::: Listed entries

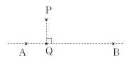 そうすると,与えられた点Pから仮想直線ABへの垂線の足Qも作図可能であることがわかる.
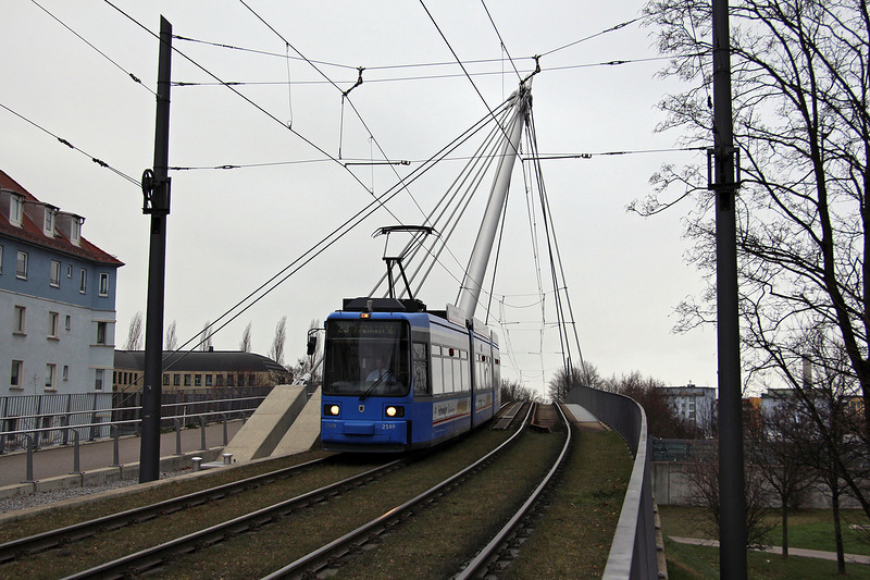 До речі кажучи, саме з ім'ям Кеніга мюнхенці асоціюють «ренесанс» трамвая – пост голови транспортної компанії Мюнхена він займає з 1992 року. На новій лінії довжиною 4,1 кілометра спеціально для трамвая побудували ось такий міст.
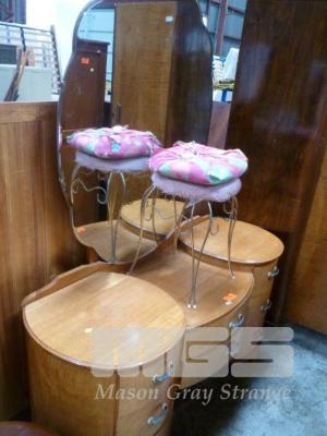 TIMBER VENEER DRESSER, 8 DRAWER, BEVEL MIRROR & STOOL
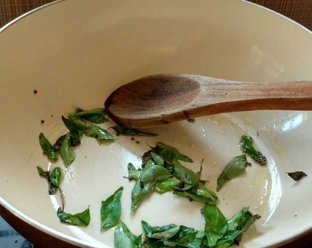 A continuación añadir el jengibre, ajo, chiles verdes, cebolla y hojas de curry. Sofría hasta que la cebolla se cocina ligeramente. No necesita dorarlas. Agregue el polvo de la cúrcuma y garam masala en polvo.
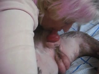 Dirty MILF sucking dog's dick free
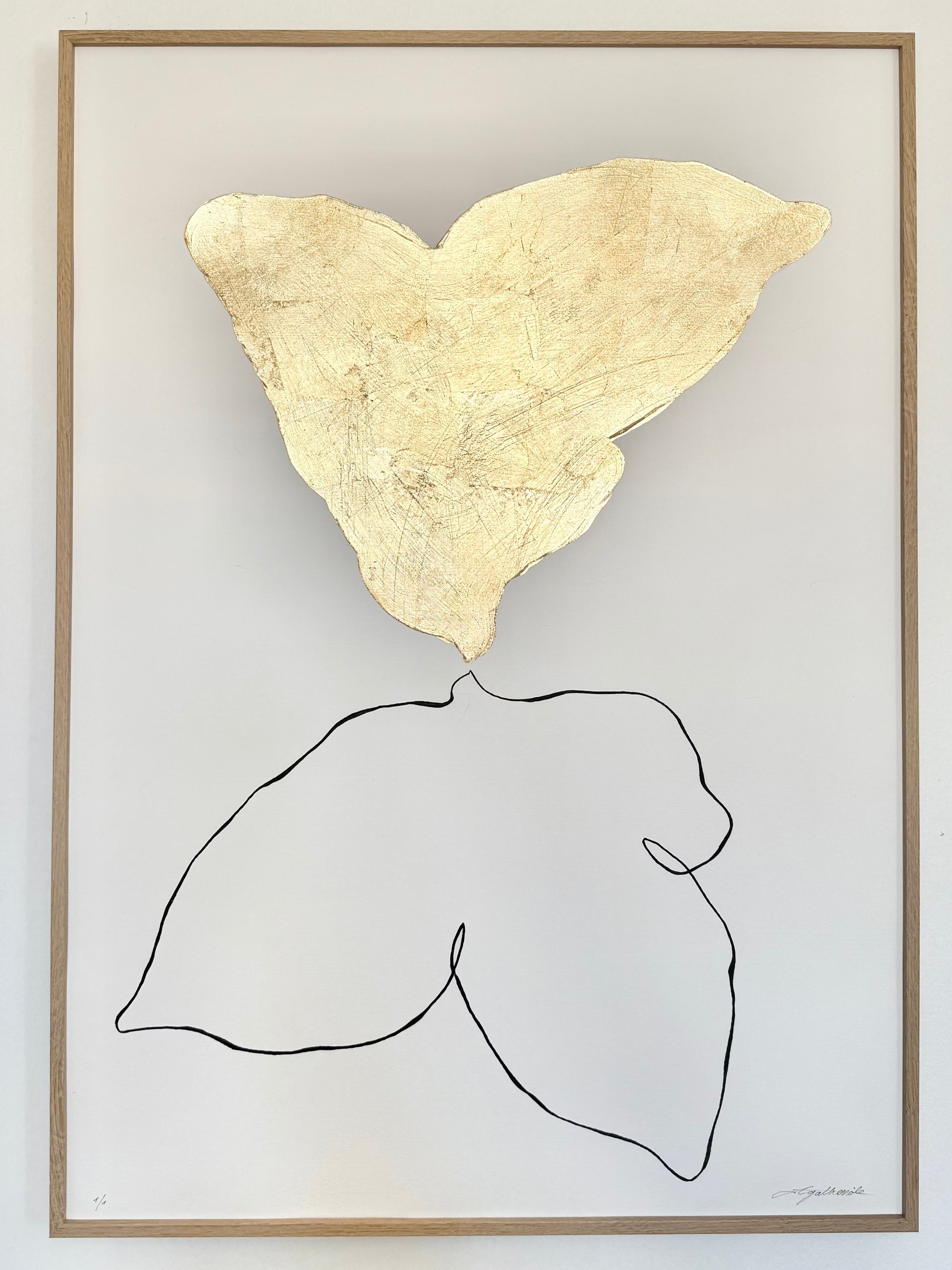 Encre de Chine et feuille d'or 24 carats sur papier de couleur blanche (285 gms)
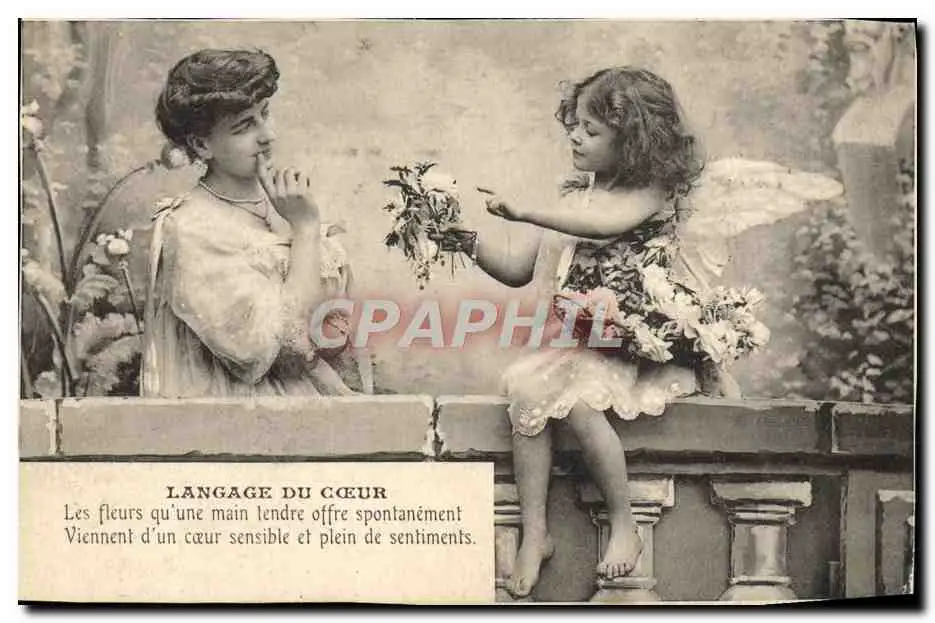 Cartes postales Fantaisie Femme Ange Langage du coeur
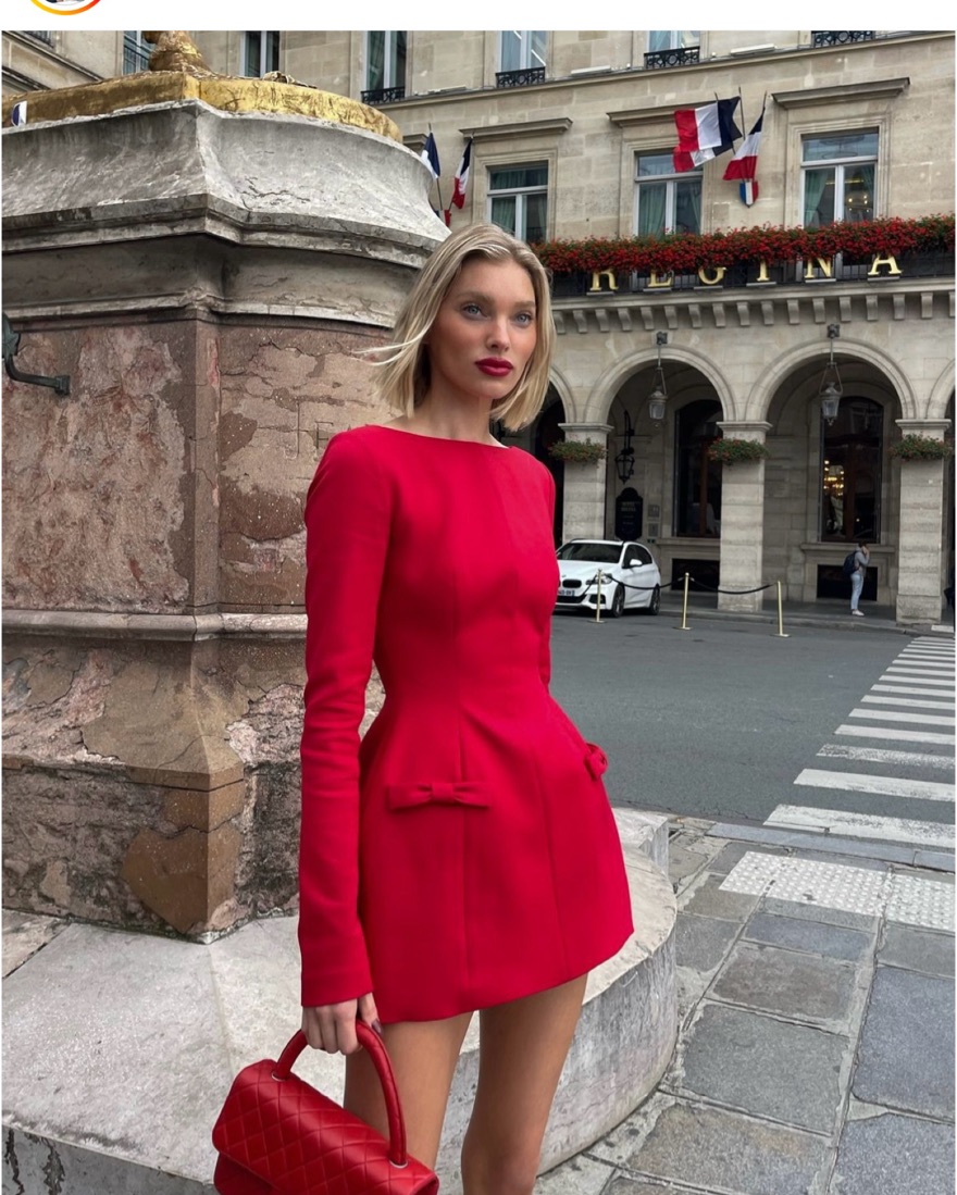 Cinched waist silthouette with bow accents . Christmas party ! Paired with red shoes and red bag . Warning ‼️ a renter broke the zipper and I had it replaced . Pls be mindful and be careful when zipper . If you can’t zip it , then don’t wear it . Fits 0-2 ! Doesn’t stretch at all. Very stiff
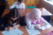 Бүген мәктәптә "Грамотность на кончике пера" конкурсы булып үтте. 4 мәктәптән җыелган 2-4 сыйныф укучылары диктант яздылар. Беренче урынны алучы 4 укучы мәктәп данын районда яклаячаклар. Менә алар үзләре дә укытучылары белән. 15.11.2017
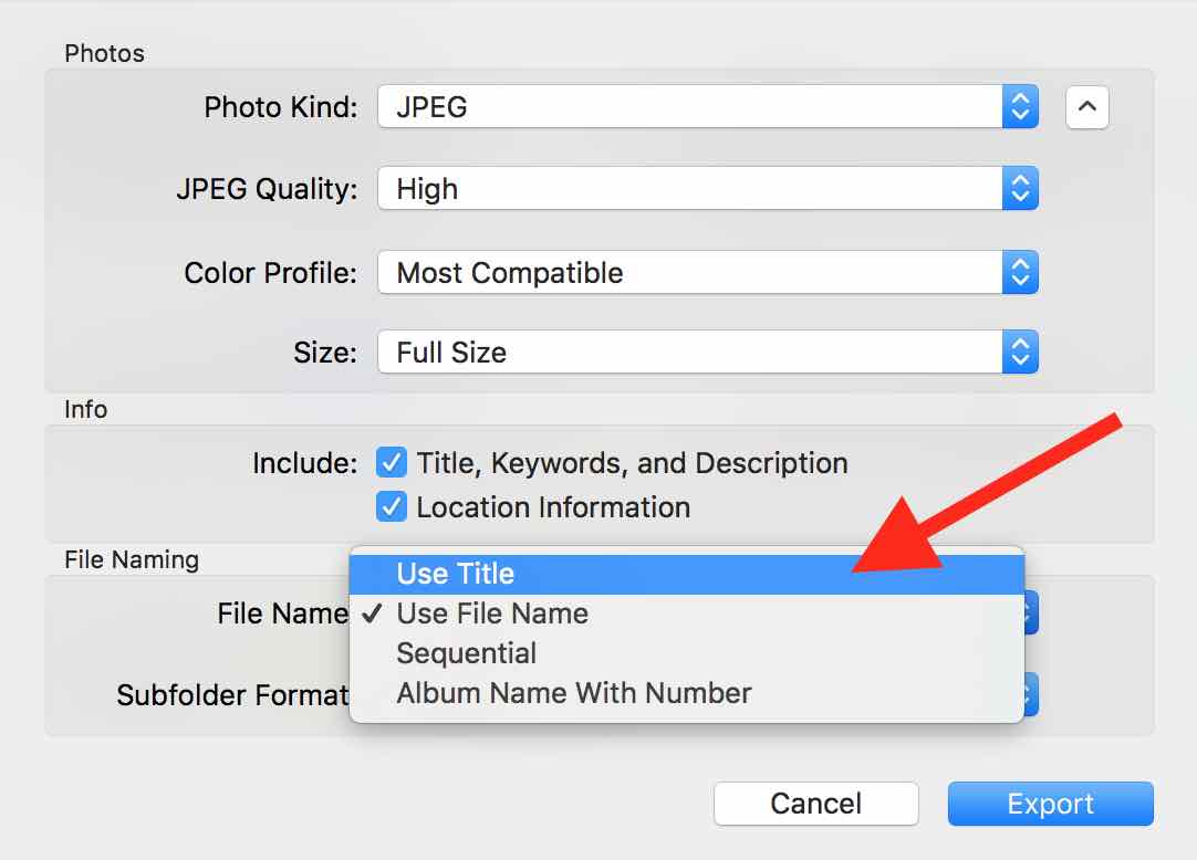 I recently 'updated' to Photos from iPhoto. Now I can't see how to rename groups of my pictures. E.g. when I import from qmycamera, I could select some of the imported photos and give them a common name and sequential numbering, then do the dame for another selection of photos, giving them a different name with sequential numbering. In iPhoto, I could use the "rename photos" function in the menubar Photos dropdown menu where I had options to change various things including rename with text and sequential numbering for selected groups of photos. I can't find this function anywhere in the new Photos application on Yosemite.

::::::

• **Task directions**
Between and including the line with "Cartes postales Fantaisie" and the line with "Cinched waist silthouette", repeat every line exactly as it appears above, with pictures left out.

• **Solved problem**
 Cartes postales Fantaisie Femme Ange Langage du coeur
 Cinched waist silthouette with bow accents . Christmas party ! Paired with red shoes and red bag . Warning ‼️ a renter broke the zipper and I had it replaced . Pls be mindful and be careful when zipper . If you can’t zip it , then don’t wear it . Fits 0-2 ! Doesn’t stretch at all. Very stiff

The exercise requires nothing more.